**Extracted data:**

────

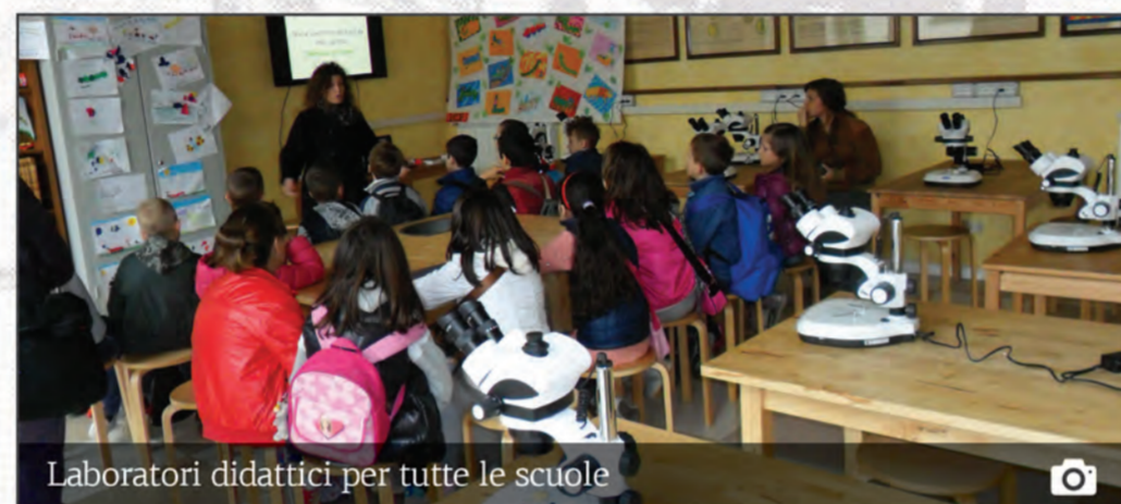
Laboratori didattici per tutte le scuole

Con specifiche attività e linguaggi molto attenti all'età degli studenti e del loro percorso di studi, vengono affrontati i seguenti temi:
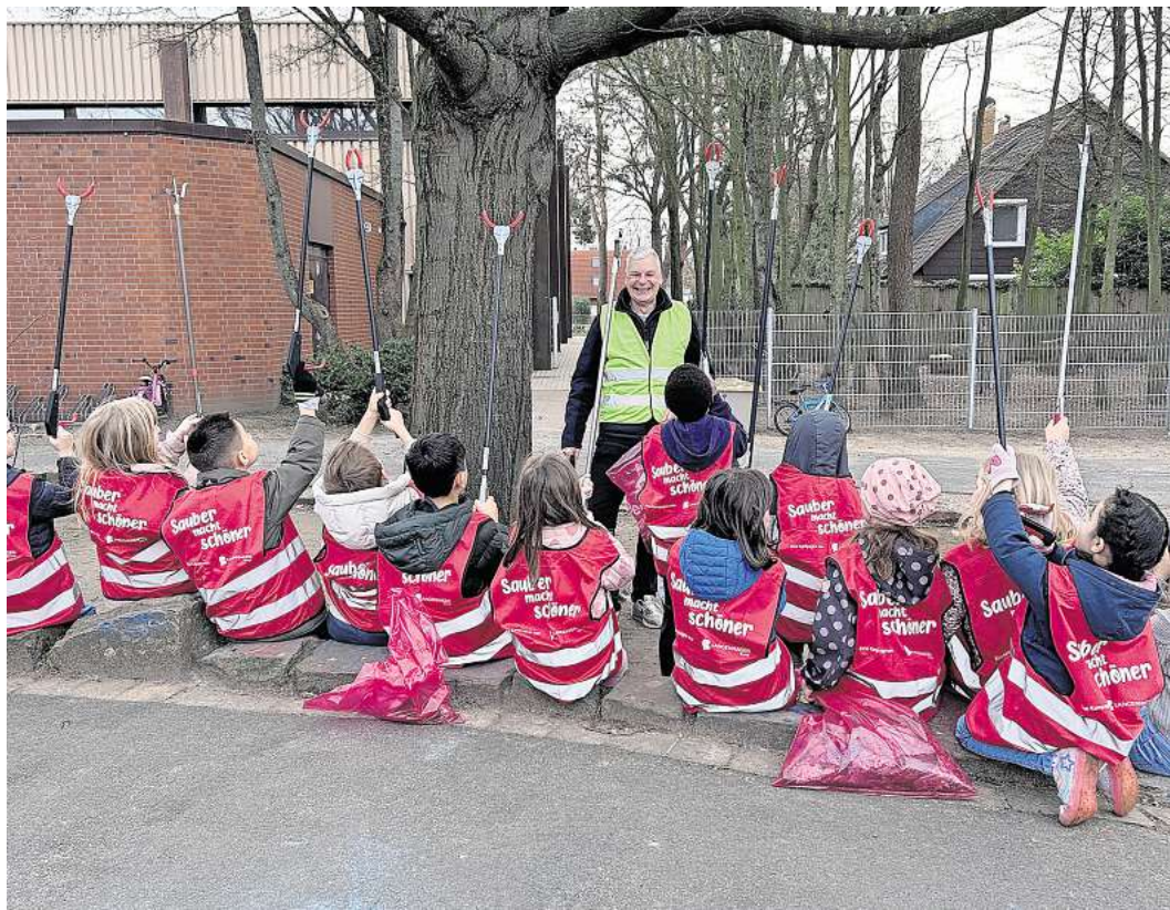
Der Frühjahrsputz ging auch an der Grundschule Godshorn über die Bühne.

Insgesamt kamen in diesem Jahr rund 300 Säcke voll Müll sowie einige Sperrmüllfunde wie ein Bettkasten, Autoreifen oder eine Turnmatte zusammen. Diese Summe wird erstmalig auch in die Gesamt-Müll-Menge des World Cleanup Days zählen, die nach dem Aktionstag im September veröffentlicht wird.
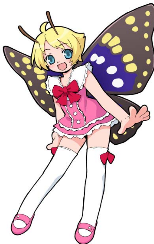
下妻市ホームページキャラクター（シモンちゃん）
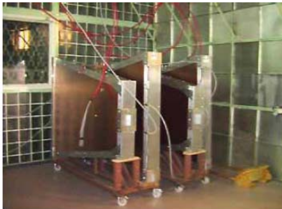
Long-term HV testing of CSCs Камеры на долговременном высоковольтном тесте
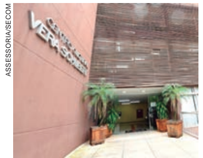
A CONFERÊNCIA será palco de discussão sobre a cultura, promovendo contatos e valorizando a diversidade e propondo estratégias de acesso aos serviços culturais
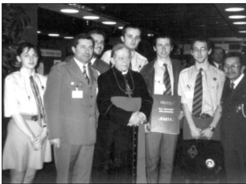
... z ks. prymasem Józefem Glempem ...
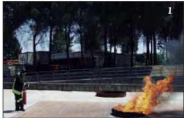
Foto 1 L'operatore è pronto per attaccare il fuoco con un estintore a polvere.
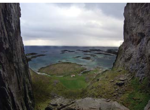
Torghatten: Sagenhaft sind nicht nur die Geschichten über den 260 Meter hohen Felsen. Die Aussicht ist es auch.
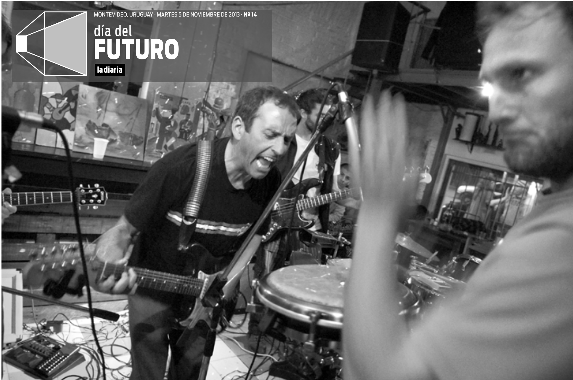
Concierto de la banda Maisterra y los Tsunami Riders, el sábado, en Garuffa's Bar.
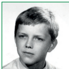
Členský průkaz ČSTV žáčka litvínovského klubu

Tréningy v oddíle mu nestačily, na jeho střeleckém růstu měl nadále velký podíl otec. Ve volných chvílích chodili na hřiště, kopali si, přihrávali, zpracovávali míč. A především stříleli. Patou, špičkou, celou botou. „Placírka, nárt, šajtle, musel jsem zvládnout všechno. Došlo i na vysmívané bodlo,“ popisuje procvičovanou techniku kopu, která se dnes už moc nenosí.
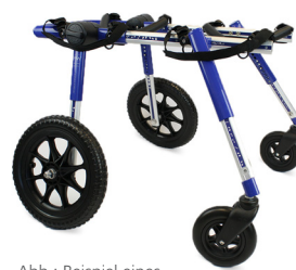
Abb.: Beispiel eines konfektionierten Hunderollwagens

4 Räder (zur zusätzlichen Entlastung der Vorderläufe)
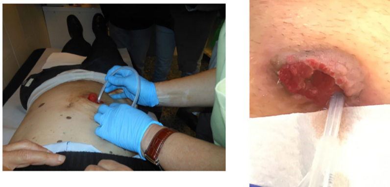
Figura 2 – Canulación del asa eferente de la ileostomía.

media de 4 días (frente a los 10 de ingreso de los controles de la serie retrospectiva).

────

**What is expected:** Extract the lines exactly, please: the first line of the listing, the line with "Der Frühjahrsputz ging", and every line between them, but no pictures.

**Exercise answer:**
Laboratori didattici per tutte le scuole

Con specifiche attività e linguaggi molto attenti all'età degli studenti e del loro percorso di studi, vengono affrontati i seguenti temi:
Der Frühjahrsputz ging auch an der Grundschule Godshorn über die Bühne.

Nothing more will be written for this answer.